• [WHAT THIS TASK INVOLVES]: What is needed is an exact reproduction of the lines in the records below, starting at the line with "301-25-284 ヒスイ錆巻円菓子碗(大) 1,500円" and ending at the line with "Mit seinem nachhaltigen", both included, and nothing else; pictures stay out.
::::
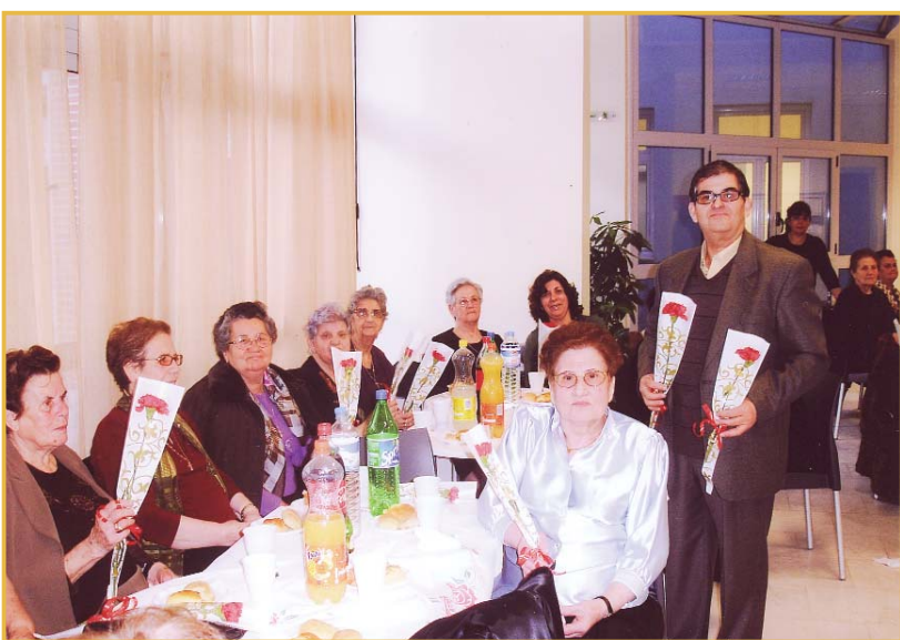
8/3: Με αφορμή την Παγκόσμια Ημέρα της Γυναίκας πραγματοποιήθηκε στο Κ.Α.Π.Η. εκδήλωση για τις κυρίες μέλη μας.
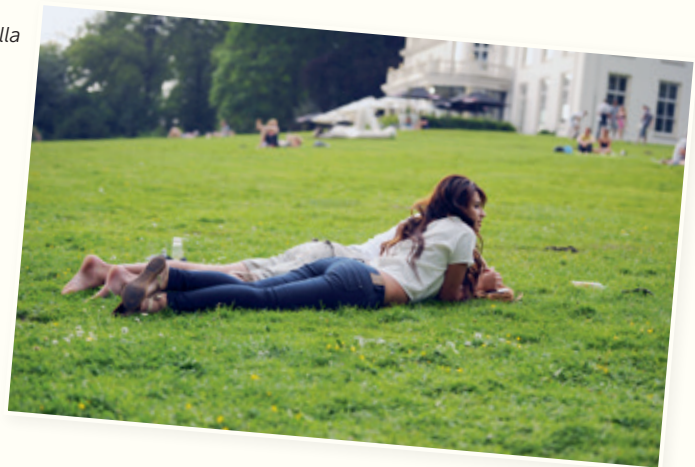
Weide bij Stadsvilla Sonsbeek. mei 2012.
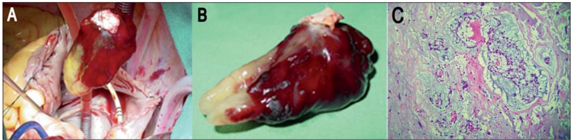
Figura 2. A. Fotografía intra operatoria al momento de la exéresis tumoral. B. Fotografía del tumor resecado. C. Estudio de anatomía patológica con tinción de Hematoxilina-Eosina concluyó mixoma (40X).

En circulación extracorpórea se realizó cirugía de revascularización miocárdica con dos bypass aorto-coronarios y exéresis del tumor (Figuras 2A y 2B). El estudio histopatológico concluyó mixoma (Figura 2C).
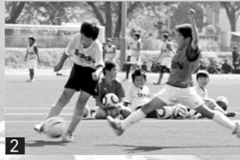
2_参加者は思いっきりプレー
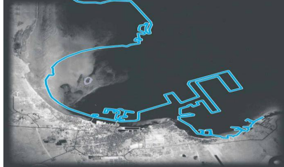
شكل(2) صورة جوية لمدينة الدوحة عام 1971

Innovation Center for Design and Technology, Qatar National Council for Arts and Culture, 2003,
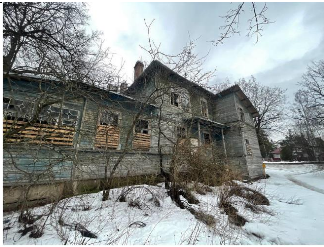
Фото 3. Вид на здание размещения Объекта оценки со двора.
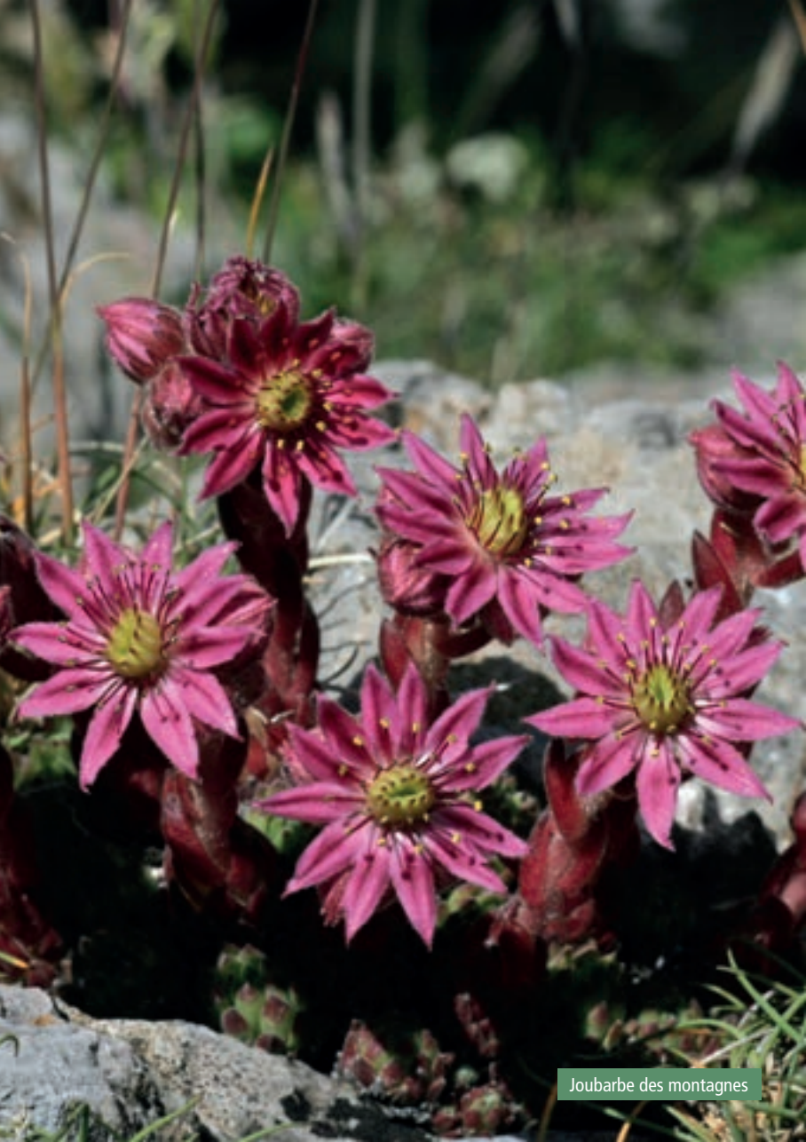
Joubarbe des montagnes
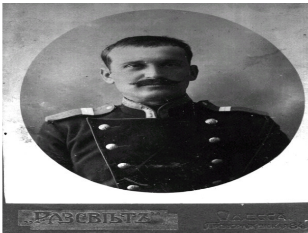
Русский солдат периода I мировой войны, фото из личного архива Тихомирова А. Е. Апрель 1916 года

21 марта в Астрахани начал работу 1-й съезд судовладельцев Волго-Каспийского района, связанный с взаимоотношениями между речными и морскими судовладельцами.
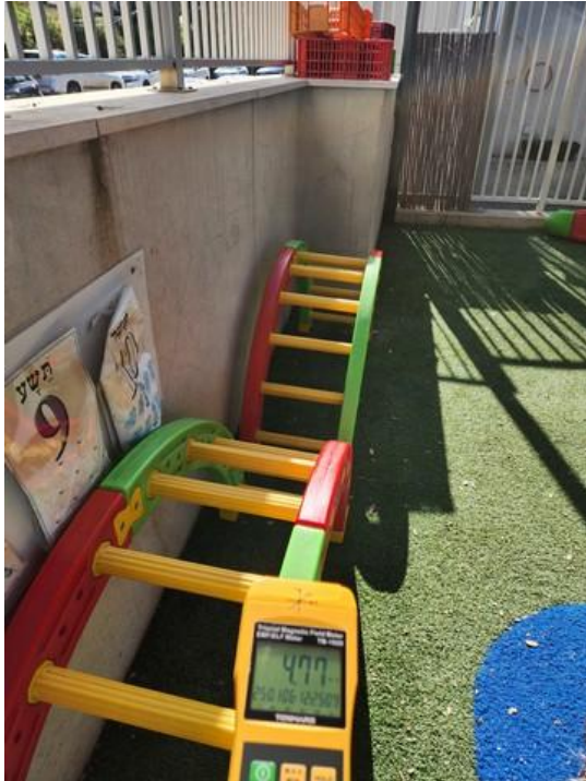
ערך מתקבל בחצר הגן
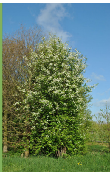
Prunus padus - Gewone vogelkers
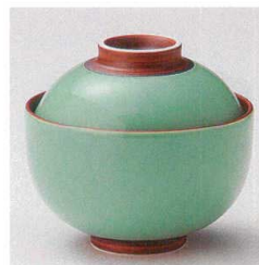
301-25-284 ヒスイ錆巻円菓子碗(大) 1,500円 11×9.8cm 50入 30125284

細小皿 小皿 252P~ 有田焼大皿 萬古焼大皿 264P~ 組皿(大) 270P~ 天皿 吞水 取鉢 280P~
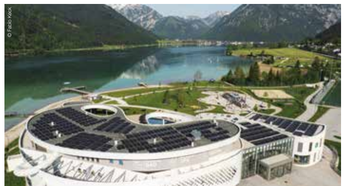
Neue Photovoltaikanlage auf dem Dach des Atoll Achensee.

Mit seinem nachhaltigen Energie- und Betriebskonzept erfüllt das Atoll Achensee höchste ökologische Standards. Im April 2023 wurde auf dem Dach eine neue Photovoltaikanlage installiert. 480 Hochleistungs-Solarpaneele erzeugen mit 196,8 kWp installierter Leistung rund 220.000 kWh. Das entspricht in etwa dem jährlichen Stromverbrauch von 40-50 Haushalten. Somit produziert das Atoll Achensee seinen eigenen Ökostrom für umweltfreundliches Bade- und Saunavergnügen.
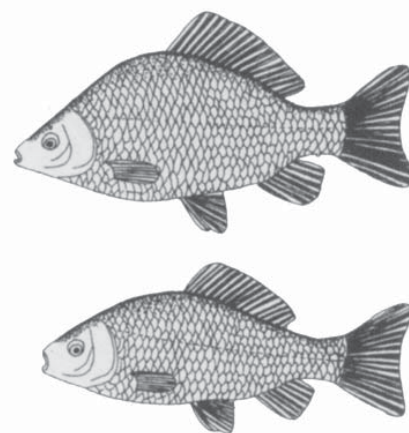
Øverst højrygget karusse og nederst lavrygget karusse.

Boks 1: Videnskabelig metodeplan. Det systematiske hierarki i en videnskabelig arbejdsplan ser sædvanligvis ud som vist til venstre. I de næste tre kolonner illustreres tre konkurrerende hypoteser om: arv (1), føde (2) og rovdyr (3), der er opstillet som mulige forklaringer på tilstedeværelse af højryggede og lavryggede karusser i søer.
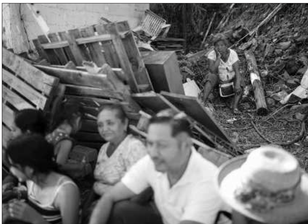
▲ En unas cuantas horas, la naturaleza arrasó con años de inversiones, de creación de infraestructura y, también es necesario decirlo, signos de acendrada desigualdad social.

Acapulco se encuentra lejos todavía de su antigua normalidad, una que también significaba abusos por parte de empleadores y falta de servicios para aquellos que encuentran el sustento precisamente en servir al turismo. Levantar al puerto para que se convierta en un destino ejemplar y en el cual las oportunidades para sus habitantes sean dignas, y no se reduzcan a habitar en casas de materiales endebles en los cerros, careciendo de lo básico, llevará todavía más y requerirá que nadie abandone a Acapulco.
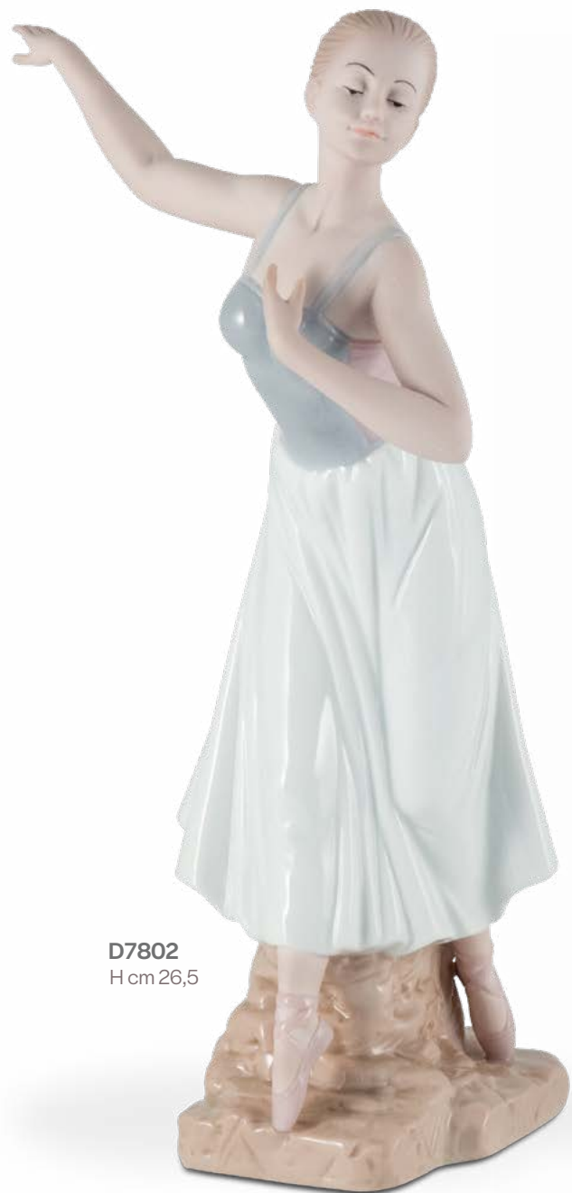
D7802 H cm 26,5
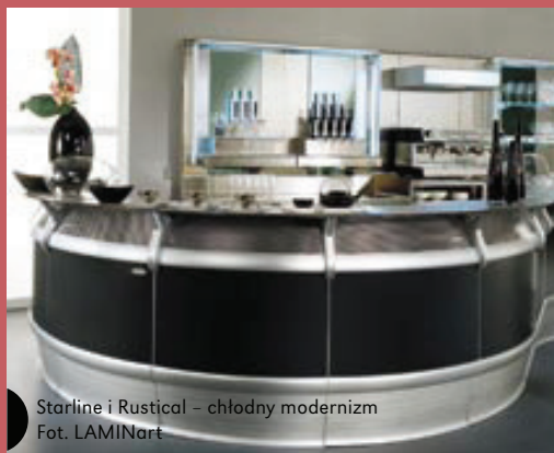
Starline i Rustical – chłodny modernizm

STARLINE – aluminium. Najpopularniejsze rozwiązania oparte na aluminium. Z uwagi na przystępne ceny aluminium oraz dużą „elastyczność wzorniczą” dekory oparte na tym metalu mogą znaleźć swe miejsce niemal w każdym wnętrzu. Na szczególne wyróżnienie zasługują z pewnością powracające do popularności trzy kolory luster (naturalne, tytan i złoto) oraz wzorniczo wiecznie młode aluminium szczotkowane, w tym wzory o zwiększonej odporności na zarysowania i uszkodzenia.
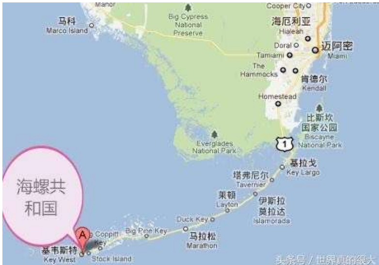
▲海螺共和國地理位置
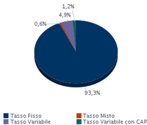
TIPOLOGIA TASSO Lombardia - 2021
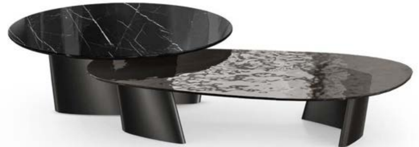
ACHILLE LOW_top cristallo tavolino, cm 160x84x h 33 stone, base: verniciato nero, piano: cristallo fuso Fumè trasparente. ACHILLE LOW_top marmo tavolino, Ø cm 120x h 38, base: verniciato nero, piano: marmo Nero Marquinia lucido.

ACHILLE LOW_ceramic top Prime coffee table, Ø cm 160x h 33, base: titanium painted, top: matt ceramic Silver Root bianco. ACHILLE LOW_ceramic top Prime coffee table, cm 160x84x h 38,5 stone, base: matt ceramic Silver Root bianco. ACHILLE LOW_ceramic top Prime coffee table, cm 119x79x h 38,5, base: matt ceramic Silver Root bianco.
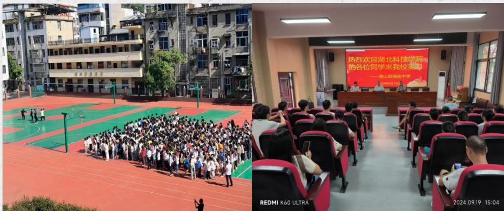
(通讯员：教育学院谢静文)
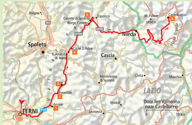
Uitneembare kaart: E 7/8, F 7, G 7

park is gevestigd in Visso (Marche): Piazza del Forno 1, 62039 Visso (MC), tel. 0737 97 27 07, www.sibillini.net . Opmerking: de beste tijd is mei-juni, maar let wel: de sneeuw bij Castelluccio moet al wel weggedooid zijn.
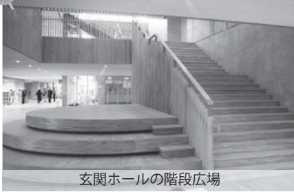
玄関ホールの階段広場
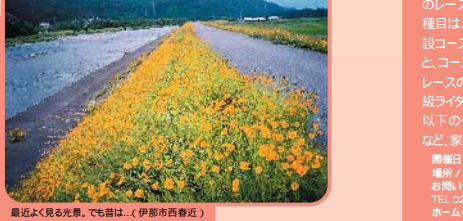
最近よく見る光景。でも昔は... (伊那市西春近)
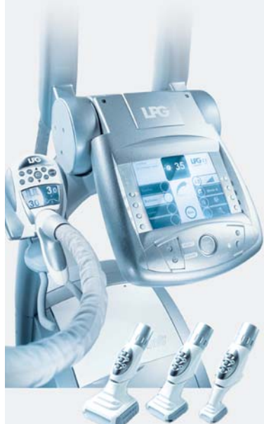
Cellu M6 KEYMODULE
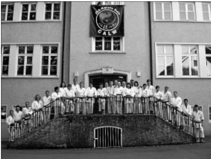
Calwer Karatekas in "ihrem" Haus beim 4-tägigen Lehrgang in Wangen im Allgäu

je 1,5 Stunden trainiert. Unter der Federführung von Bundestrainer Hideo Ochi gaben 5 weitere Top-Trainer aus Japan, Frankreich und Deutschland ihr Bestes, und motivierten wiederum die insgesamt über 700 Teilnehmer ihr Bestes zu geben. Durch die unterschiedlichen Trainingszeiten trafen sich die Calwer oft nur abends alle zusammen zum gemeinsamen Abendessen. Danach wurde dann die Gegend erkundet, das Festzelt aufgesucht oder der interne Skat Meister des JKA-Karate Dojo Calw ermittelt.
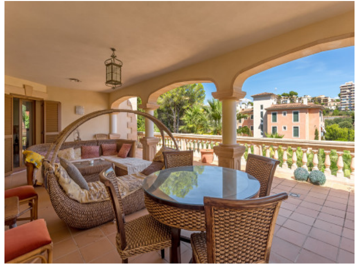
Terraza cubierta con zona de relax y comedor
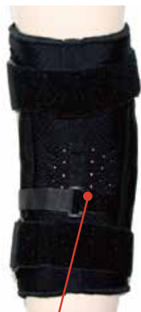
3rdベルト 本体のスレを防止します!
::::
• [TASK OUTPUT]:
301-25-284 ヒスイ錆巻円菓子碗(大) 1,500円 11×9.8cm 50入 30125284

細小皿 小皿 252P~ 有田焼大皿 萬古焼大皿 264P~ 組皿(大) 270P~ 天皿 吞水 取鉢 280P~
Neue Photovoltaikanlage auf dem Dach des Atoll Achensee.

Mit seinem nachhaltigen Energie- und Betriebskonzept erfüllt das Atoll Achensee höchste ökologische Standards. Im April 2023 wurde auf dem Dach eine neue Photovoltaikanlage installiert. 480 Hochleistungs-Solarpaneele erzeugen mit 196,8 kWp installierter Leistung rund 220.000 kWh. Das entspricht in etwa dem jährlichen Stromverbrauch von 40-50 Haushalten. Somit produziert das Atoll Achensee seinen eigenen Ökostrom für umweltfreundliches Bade- und Saunavergnügen.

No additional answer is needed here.